BUZZBONGO
Do you have among your friends a person who always decides where to go, who does not usually listen to others, who always talks about herself with pride, and who, despite everything, is charming?
Below, we distinguish the different types of narcissism and offer tips for discovering the narcissist in your group of friends.
Although narcissism is a very common personality trait that we can all manifest, in some cases that facet dominates all the others, transforming the person into an extreme narcissist, a ‘full-time’ narcissist.
Detail from Echo and Narcissus by James William Waterhouse.
Nemesis, the goddess of retributive justice, revenge, and balance, punishes Narcissus for his egotism causing him to fall in love with his own image reflected in the water of a pond. Absorbed by his own beauty, Narcissus ends up at the bottom of the pond pursuing an impossible: to find someone as perfect as himself.
Although there are various developments in the history of the classical myth of Narcissus, the result is always the same: Narcissus is punished for his deification. And only gods can behave as such.
The figure of this character, like other classical myths, was used by Sigmund Freud in his 1914 essay Introduction to Narcissism to illustrate a personality disorder that later continued to be developed by psychology.
Discover the narcissist in your group of friends.
The Mayo Clinic defines the narcissist as a person who exaggerates his own importance, has a pressing need for excessive attention and admiration, difficult relationships, and a lack of empathy for others, hiding under all this a fragile personality that can crack with any criticism.
Although narcissism can become a disorder if it dominates the rest of personality traits, Harvard psychiatry professor Andrew P. Morrison clarifies that narcissism is a “necessary step in the development of personality” and that ” A reasonable amount of ‘healthy’ narcissism allows balancing the individual’s perception of their own needs in relation to others ”.
Within these two extremes, there would be various types of narcissism characterized by a qualitative difference in the way it manifests itself. The narcissist can have many faces :
If you have read the different dominant traits that a narcissist can have, you will be closer to unmasking the narcissist from your group of friends. Here are some extra tips to further refine your aim:
Extreme competitiveness has become a characteristic of our society, being even encouraged by its benefits without considering its risks. The narcissist takes advantage of this tendency to bring out his competitive character, feeling fully proud of his competitiveness. His eagerness to demonstrate his supposed superiority can lead him to turn any situation into a competition.
One of the most subtle but dangerous traits of the narcissist is his tendency to manipulate, which he often exercises with the most refined techniques. Gaslighting stands out among them, a pattern of behavior that is based on manipulating people so that they doubt themselves. The term comes from the remarkable classic Gaslight in which a man manipulates his wife emotionally to make her believe that she is crazy and keep her money.
In a more routine environment, the person who executes this technique uses different resources to underestimate the emotions and talent of the people around them, questioning their ideas, actions, and decisions, making these people believe that the problem is in themselves, although be false.
In line with the above, the lack of empathy, the inability to put oneself in the shoes of others and understand their emotions and their actions, is the most defining trait of the narcissist. If one of your friends always belittles or even ridicules your emotions and is unable to take your problems seriously, you are dealing with a narcissist, to say the least.
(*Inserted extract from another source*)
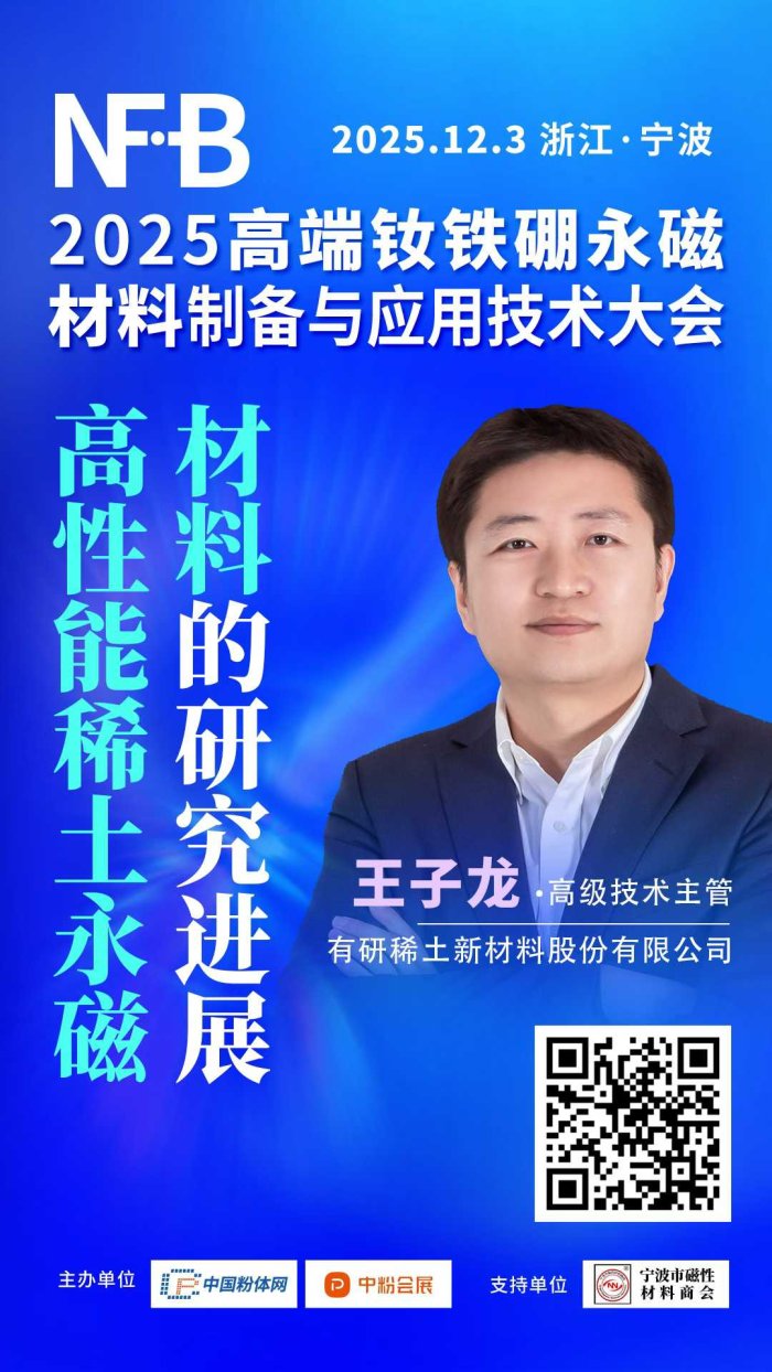 2025年12月3日,中國粉體網(wǎng)將在浙江·寧波舉辦“2025高端釹鐵硼永磁材料制備與應(yīng)用技術(shù)大會”。屆時,我們邀請到有研稀土新材料股份有限公司正高級工程師/高級技術(shù)主管王子龍出席本次大會并作題為《高性能稀土永磁材料的研究進展》的報告,王子龍工程師將為您介紹有研稀土在高性能燒結(jié)釹鐵硼、異方性粘結(jié)磁體等稀土永磁材料的研究進展。

“They don’t know who they are talking to.” The narcissist thinks he is special and therefore needs special treatment, whether at work or the corner bar. He aspires to be revered by everyone and, as that is seldom possible, he lives in frustration criticizing everything that moves.
The biggest problem comes when that person, usually powerful, lives in an environment full of flatterers and eulogists: we all know a specimen. So the narcissist is with a foot and a half at the bottom of the pond.
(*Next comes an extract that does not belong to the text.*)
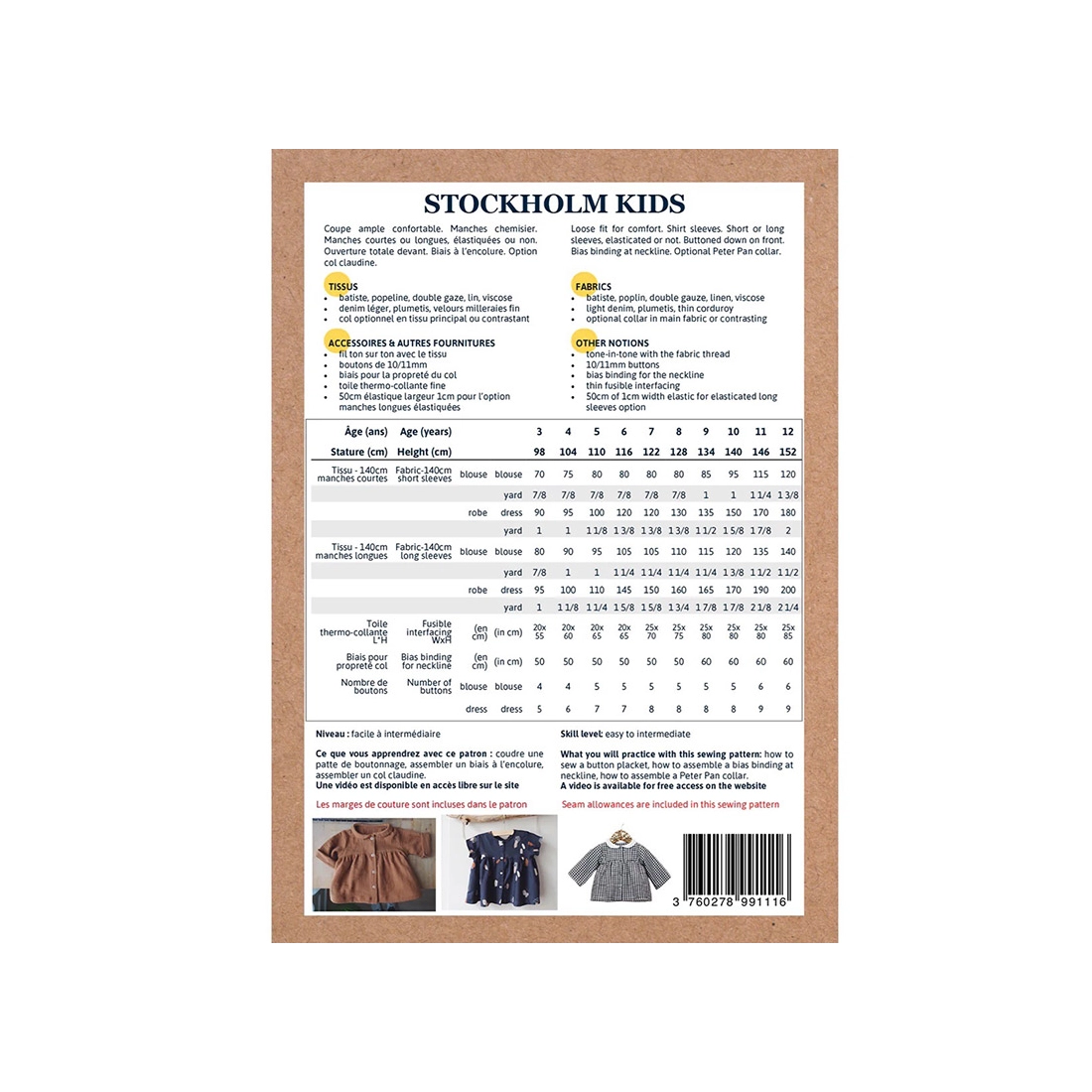 Stockholm kids est un patron de blouse et de robe pour enfant.

If you have to summarize an argument in two simple sentences, preferably avoiding subordinate ones so that you do not lose the thread, it is that perhaps your interlocutor is a narcissist. If by the third sentence his gaze is already blank or he’s staring at his biceps or his shiny new sneakers, there’s no question, your friend is a narcissist. If he never lets you finish an argument and constantly changes the subject so that the protagonist of it is always him, you know who you are (trying) to talk to.
Discover the narcissist in your group of friends.
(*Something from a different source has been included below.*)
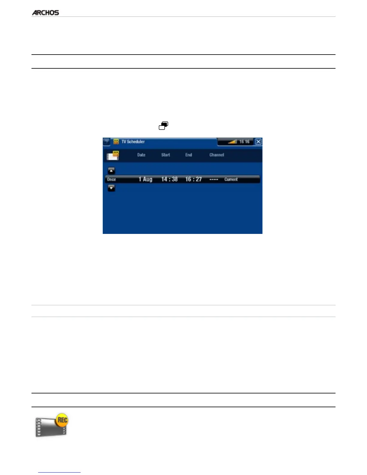 With the tuner connected to your ARCHOS (see: TV Recording: Hardware Setup), you

If when reading this text you have felt that you are represented by any of the facets of narcissism you should not panic. We all think we are a little special, even if we are not. It is a way of managing life and strengthening our self-esteem to face any challenge that we have set ourselves.
But if narcissistic traits tend to dominate your behavior, beware: the extreme narcissist has acquaintances, colleagues, partners, cronies, sycophants … but no friends. Real friends can’t stand a narcissist for long, however charming he may be.